#### What you will do
Starting at the line that contains "AFYON HALKEVİ (REKTÖRLÜK)", transcribe every remaining line of the data below exactly, and omit all pictures.

(Source records)
· · · · · · ·
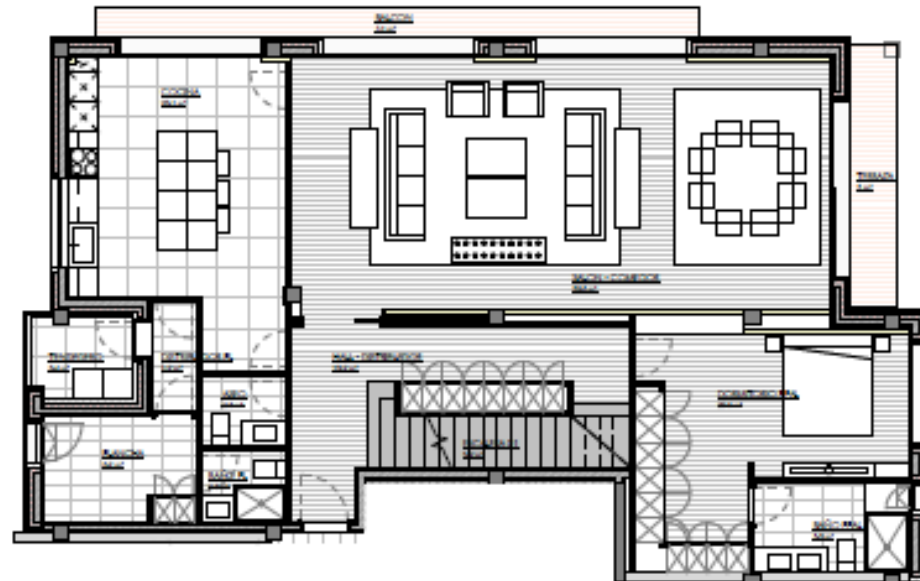
PLANTA SEGUNDA ESCALA 1:100_A0
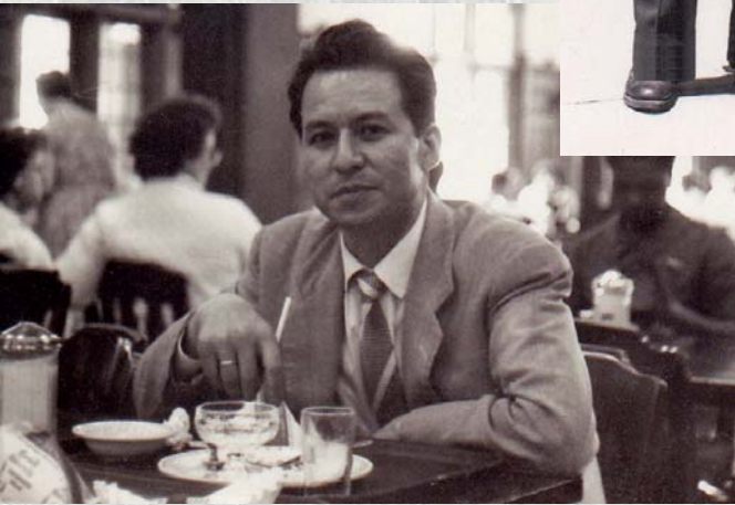
En Cornell University, en una de sus visitas después de optar el grado de doctor en Antropología.
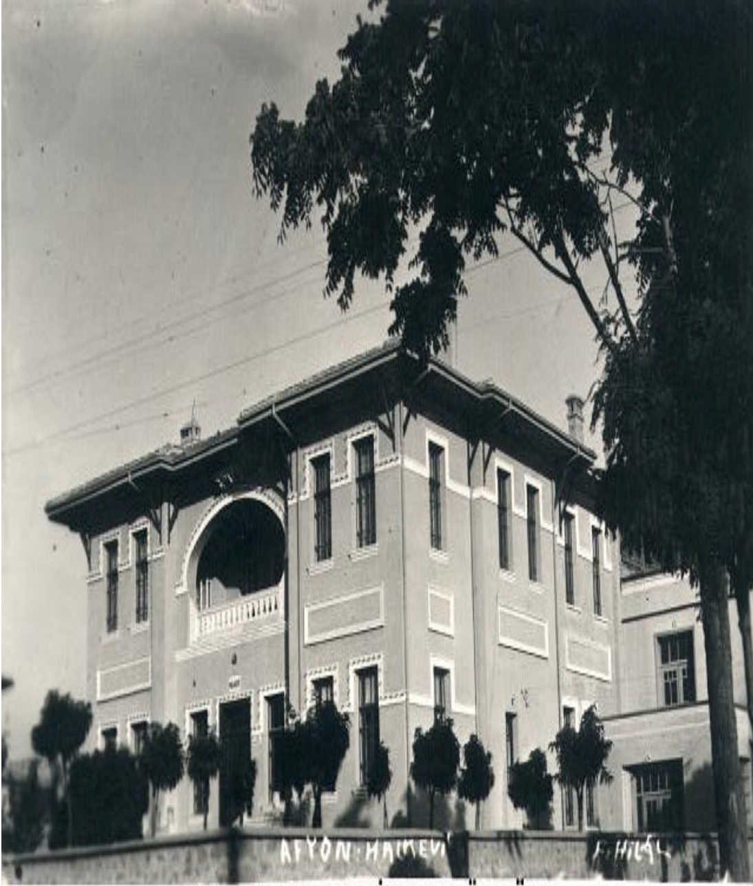
AFYON HALKEVİ (REKTÖRLÜK)
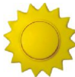
Naizmeni na sklopka Sunce IEC 60669-1, IP 20

Broj artikla: 10AX/250V 16.61.005 (bezvij ana veza)
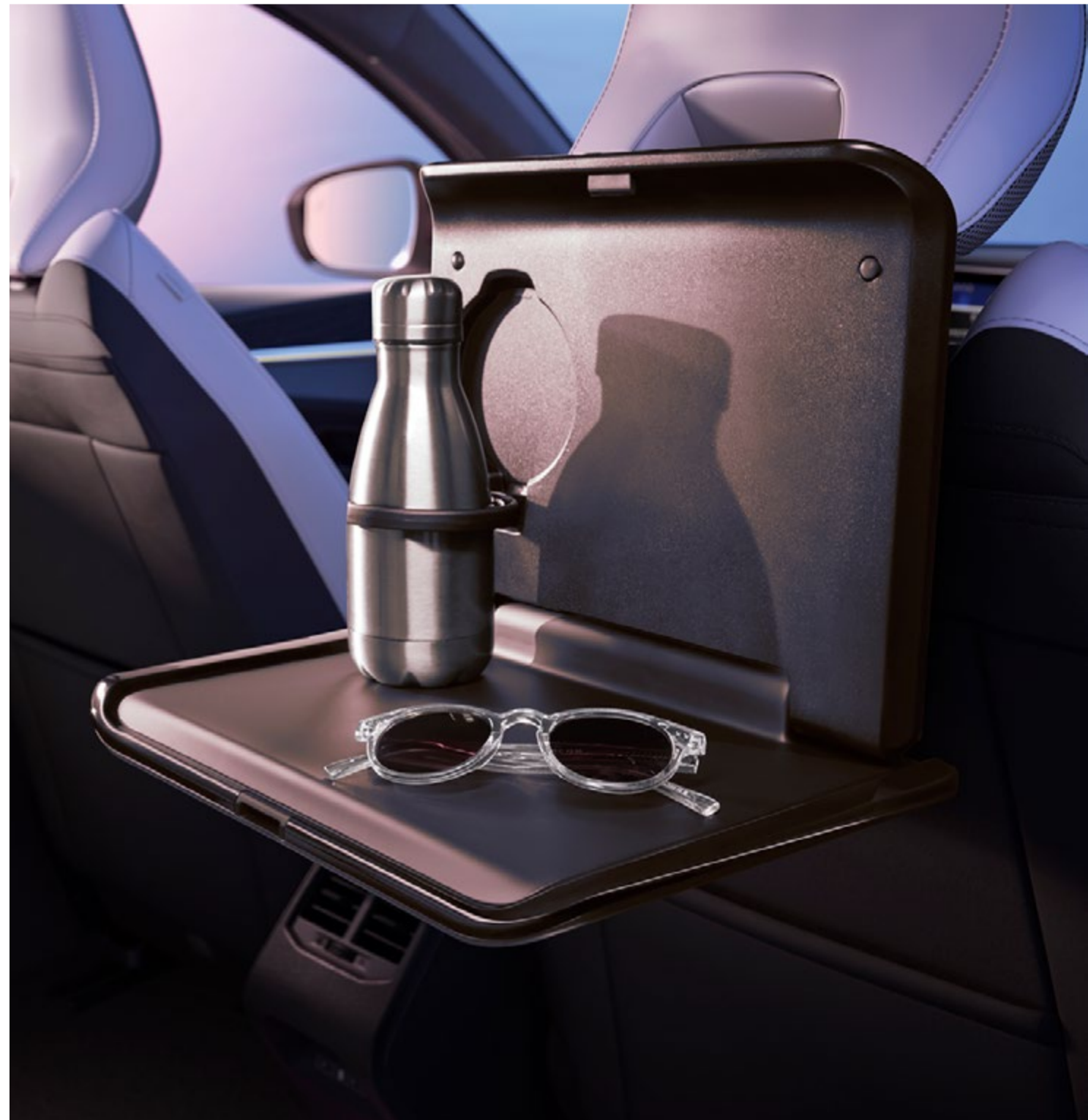
składany stolik – element systemu wielofunkcyjnego
· · · · · · ·
#### Finished task
AFYON HALKEVİ (REKTÖRLÜK)
Naizmeni na sklopka Sunce IEC 60669-1, IP 20

Broj artikla: 10AX/250V 16.61.005 (bezvij ana veza)
składany stolik – element systemu wielofunkcyjnego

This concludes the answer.